→ THE TASK:
In the entries below, print exactly the lines from the first through the one with "ZEW-Index für Deutschland: Im", both included, and none of the pictures.

◇ ◇ ◇ ◇

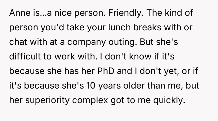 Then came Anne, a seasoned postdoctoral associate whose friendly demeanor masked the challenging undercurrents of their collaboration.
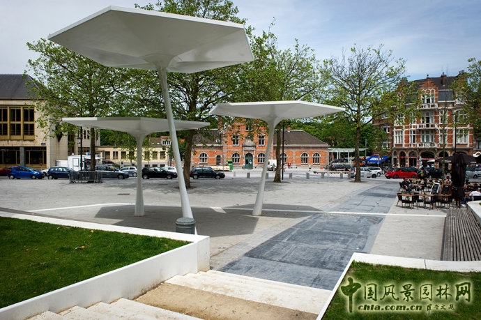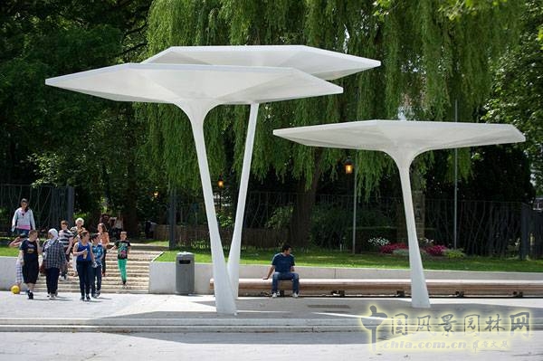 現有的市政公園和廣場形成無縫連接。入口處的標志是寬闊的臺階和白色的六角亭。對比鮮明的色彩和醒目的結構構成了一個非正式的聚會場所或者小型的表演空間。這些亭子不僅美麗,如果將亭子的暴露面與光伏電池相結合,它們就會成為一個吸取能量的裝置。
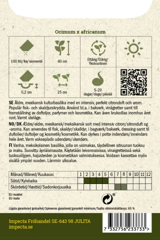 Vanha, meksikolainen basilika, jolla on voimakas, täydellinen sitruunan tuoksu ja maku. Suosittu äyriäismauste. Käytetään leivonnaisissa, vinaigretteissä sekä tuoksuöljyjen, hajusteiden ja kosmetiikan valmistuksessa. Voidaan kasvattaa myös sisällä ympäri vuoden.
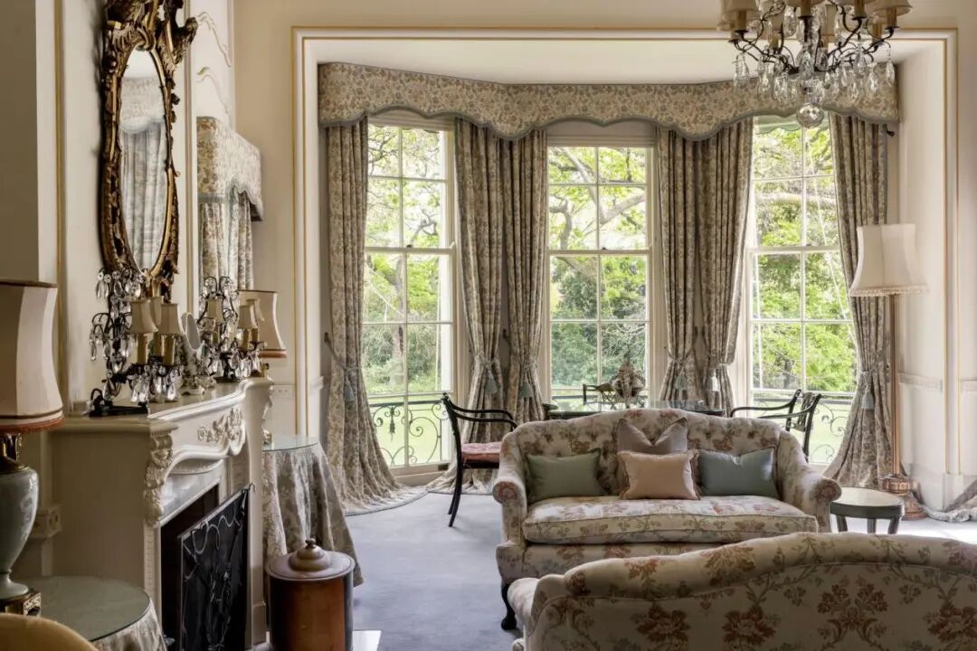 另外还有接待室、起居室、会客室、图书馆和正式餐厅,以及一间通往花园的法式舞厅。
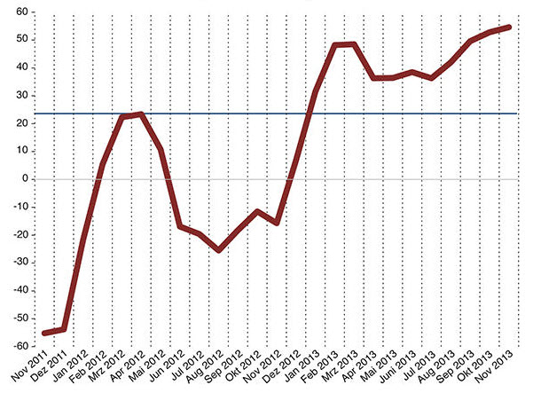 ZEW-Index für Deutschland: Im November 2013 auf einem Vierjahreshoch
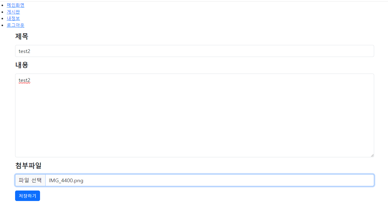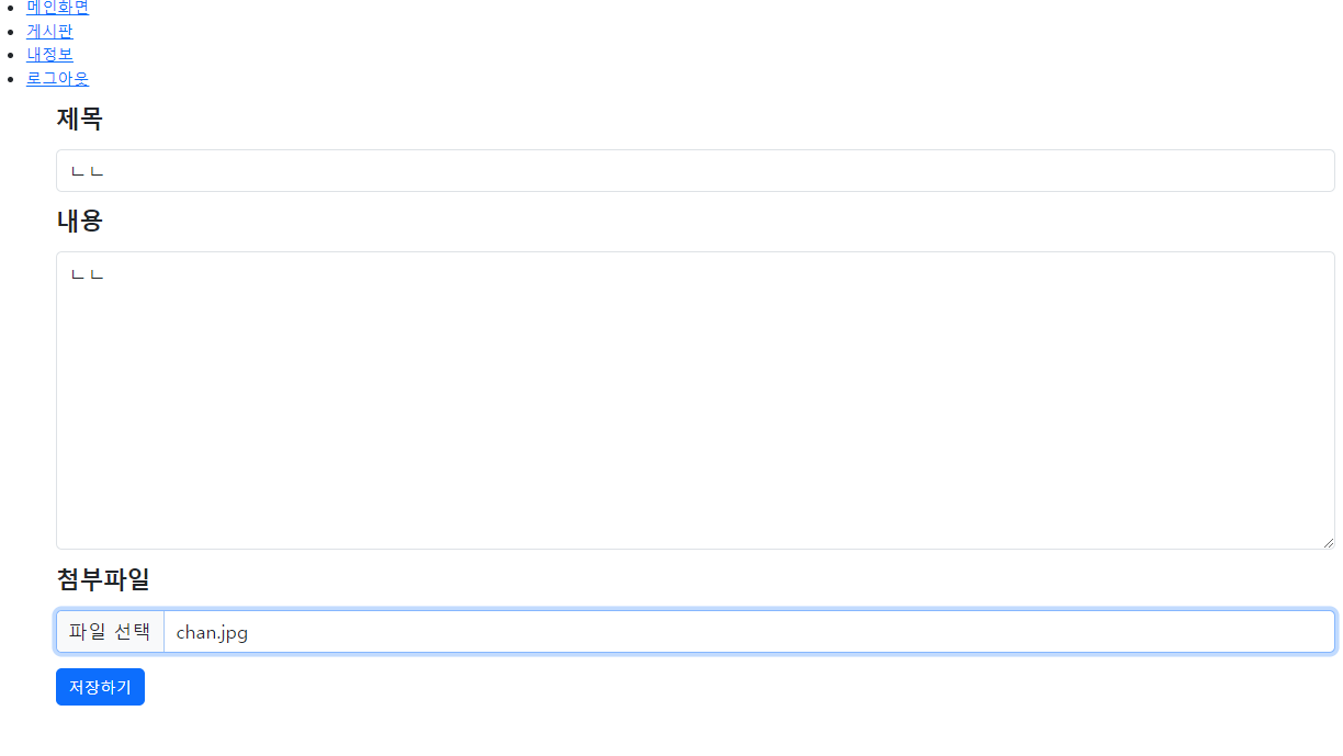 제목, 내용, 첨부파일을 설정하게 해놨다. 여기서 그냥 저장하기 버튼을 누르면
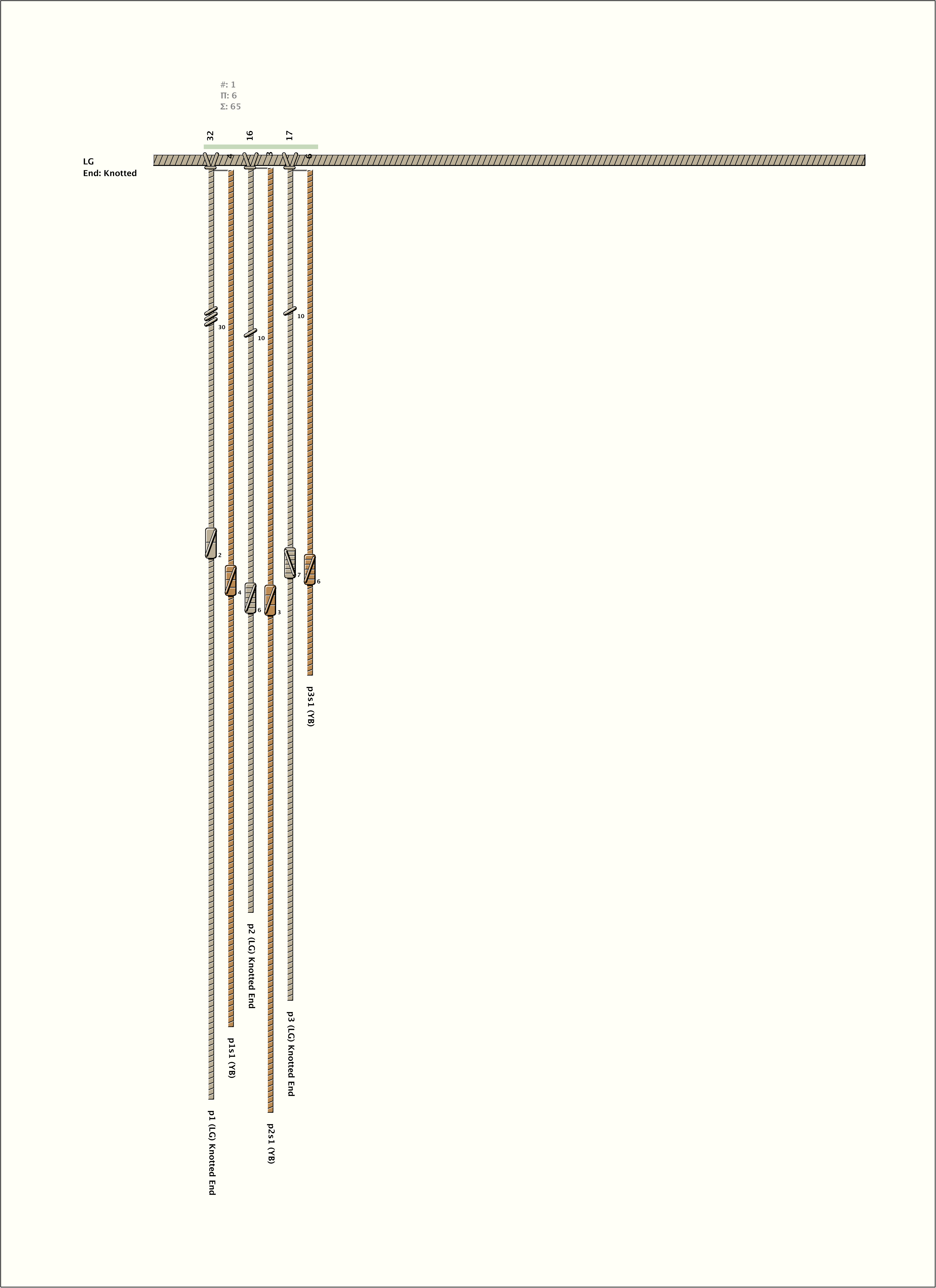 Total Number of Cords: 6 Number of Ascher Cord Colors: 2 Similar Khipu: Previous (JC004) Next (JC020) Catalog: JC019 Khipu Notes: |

◇ ◇ ◇ ◇

→ RESPONSE:
 Then came Anne, a seasoned postdoctoral associate whose friendly demeanor masked the challenging undercurrents of their collaboration.
 現有的市政公園和廣場形成無縫連接。入口處的標志是寬闊的臺階和白色的六角亭。對比鮮明的色彩和醒目的結構構成了一個非正式的聚會場所或者小型的表演空間。這些亭子不僅美麗,如果將亭子的暴露面與光伏電池相結合,它們就會成為一個吸取能量的裝置。
 Vanha, meksikolainen basilika, jolla on voimakas, täydellinen sitruunan tuoksu ja maku. Suosittu äyriäismauste. Käytetään leivonnaisissa, vinaigretteissä sekä tuoksuöljyjen, hajusteiden ja kosmetiikan valmistuksessa. Voidaan kasvattaa myös sisällä ympäri vuoden.
 另外还有接待室、起居室、会客室、图书馆和正式餐厅,以及一间通往花园的法式舞厅。
 ZEW-Index für Deutschland: Im November 2013 auf einem Vierjahreshoch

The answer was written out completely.